После магазина мы зашли в библиотеку, которая находилась неподалеку от моего дома. Катька осталась на улице покурить, пока я сдаю книги и выбираю новые. Ольга Васильевна, библиотекарь, знала меня хорошо, поэтому стоило войти, как на её морщинистом лице сразу появилась улыбка.
- Здравствуй, Настенька.
- Здрасьте, теть Оль, - улыбнулась я, подходя к стойке и выкладывая книги. Правда тут же покраснела и добавила. – Простите, я просрочила немного. Заболела просто.
- Да, ладно, - махнула рукой старушка. – А я-то думаю, чего не забегаешь. Обычно ты ж книжки глотаешь за пару дней, а потом за новыми бежишь.
- Не до книг было, - вздохнула я. Ольга Васильевна кивнула и указала рукой на полку с платными книгами.

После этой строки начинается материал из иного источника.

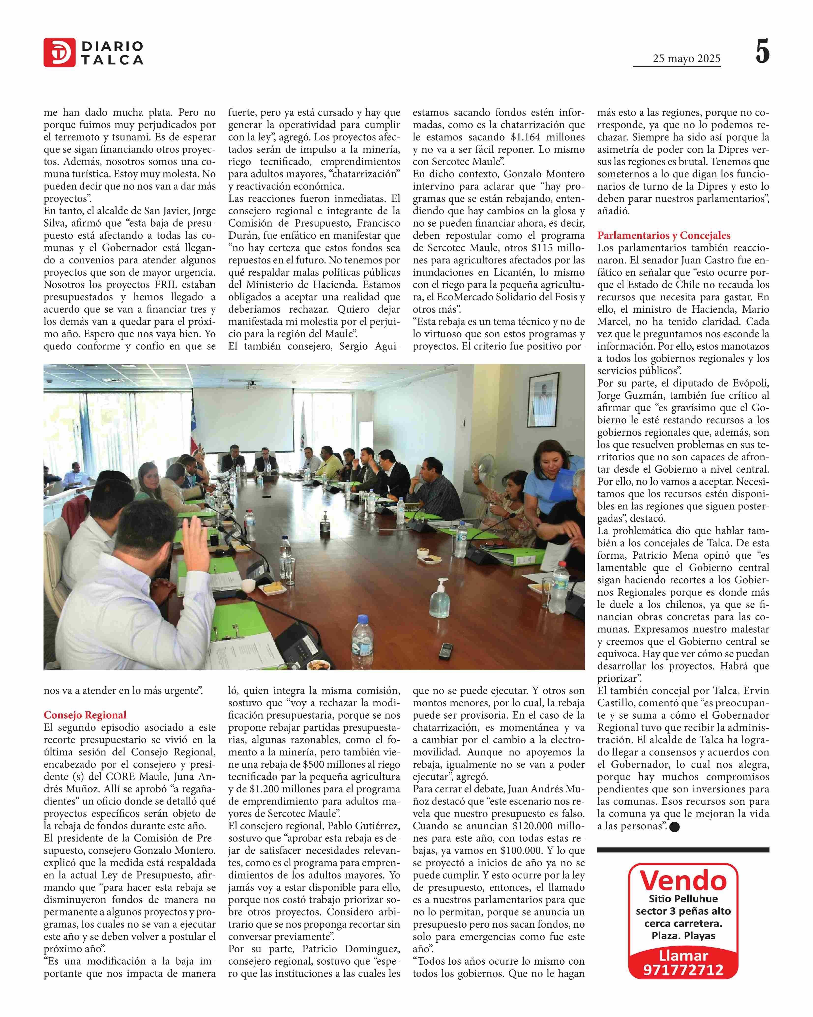 Rechazo político transversal por recorte presupuestario de casi $6.000 millones al Gobierno Regional del Maule 26-05-2025 Diario Talca |

- Новое приехало. Недавно только. Будешь брать что-то? – я жадно осмотрела книжный шкаф и поджала губы, вспомнив мамины слова. Затем вытащила из кармана пару монет, оставшихся с проезда на работу, и положила на стойку. Старушка улыбнулась и, посторонившись, пропустила меня к полке, чтобы я могла выбрать то, что захочу.
Когда я вышла из библиотеки, Катька, пританцовывая, закуривала третью сигарету. Увидев меня, она фыркнула и покачала головой. Я же, показав ей язык, прижала к груди «Волкодава», которого давно хотела почитать, да его постоянно забирали, опережая меня.
- Нормальные девки деньги на шмот тратят, а ты сказки покупаешь, - пошутила Катька. – Пошли? Чуть манду себе не отморозила.
- Нормальные девки в мороз не юбки носят, а штаны, - парировала я и, взяв Катьку под руку, медленно пошла домой.
Возле подъезда Катька остановилась и снова смерила меня внимательным взглядом. На секунду её глаза расширились и в них появился холодок.
- Шрама у тебя не было, - тихо сказала она, прикасаясь к нему пальцем. Я дернулась в сторону и пожала плечами. – Прости, родная.
- Все нормально, - ответила я, крепче сжимая книгу.
- Нет, Насть. Не нормально, - помотала головой Катька. Я вздохнула, но на подругу мой демонстративный вздох не подействовал. – Нечего вздыхать. Сначала синяки… теперь шрамы. Дальше что? Табуретки у подъезда, еловые ветки и оркестр?
- Нет, - покраснела я, поняв, куда клонит Катька. Та поджала губы и изогнула бровь, готовясь к очередному моральному втыку.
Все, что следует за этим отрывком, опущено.